In an escalation of the war of words over network neutrality -- the idea
that all Internet content would not be prioritized for delivery on the basis of fees -
- a top Google executive said Tuesday that the Internet giant would
pursue antitrust enforcement against telecommunications companies if abuses occur.

Google Vice President and noted Internet pioneer Vinton Cerf said at a news conference in Sofia, Bulgaria, that the company would be happy if the U.S. Congress passes a measure to enforce network neutrality.

But if it does not, he said, Google will not hesitate to file antitrust
complaints if telecommunications companies misuse their resulting market

If a provision for network neutrality is not added to an existing
telecommunications bill in Congress, he said, "then we will simply have to wait until something bad happens, and then we will make known our case to the Department of Justice's antitrust division."

'Hand on Spigot'

Brian Washburn, an analyst at Current Analysis, a technology research firm,said Cerf's statement might simply amount to posturing.

"It may be tough for Google to argue antitrust if net neutrality measures fail," Washburn said. "In order to argue antitrust,
one would need to
establish that a company or a group of companies are monopolistic, with
their hand on the spigot. But there are many providers and many resellers."
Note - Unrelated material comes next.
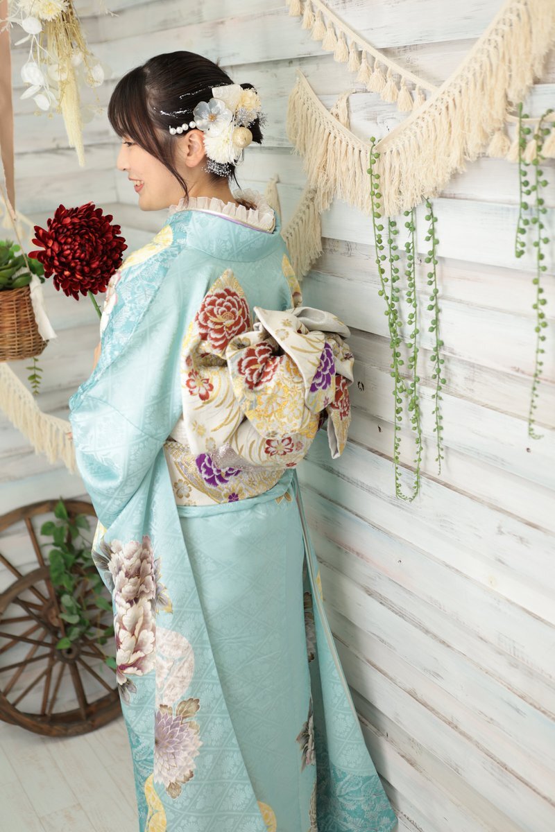 おはようございます☀️ ✨振袖コーデ紹介✨ 鮮やかな水色の振袖に、大輪の花模様が華やかに咲き誇るコーディネート。 帯にはゴールドをベースに赤や紫を差し色に入れて、品のある華やかさを演出しています🌸 #振袖 #振袖コーデ #成人式振袖 #振袖前撮り #振袖小物 #成人式準備 #京都もなみ pic.x.com/KcSRBWBMz7

Last week, the U.S. Senate Committee on Commerce, Science, and Technology -- by an 11-11 vote -- defeated an amendment that would remove certain barriers for telephone companies to sell TV channels.

The main bill, which passed the committee by a 15-7 vote, deals with
broadband, TV, and other telecommunications matters. It includes a provision allowing the FCC to fine phone and cable companies if they try to block access to legal content or services on the Net.

A similar bill, which also does not include a requirement for network
neutrality, has passed the House of Representatives.

Wyden To Filibuster?

Senator Ron Wyden (D-Ore.) has indicated that he is prepared to filibuster the entire bill unless a provision for network
neutrality is included.

"Without a clear policy preserving the neutrality of the Internet and
without tough sanctions against those who would discriminate, the Internet
will be forever changed for the worse," Wyden said in a statement.

"A Verizon Communications executive has called for an 'end to Google's free lunch,'" he said. "A Bell South executive has said that he wants the Internet to be turned into a 'pay-for-performance marketplace.'"

Under Senate rules, a Senator may filibuster by speaking without limit on a given measure, thus blocking a vote. Sixty votes in the Senate would be required to end a filibuster.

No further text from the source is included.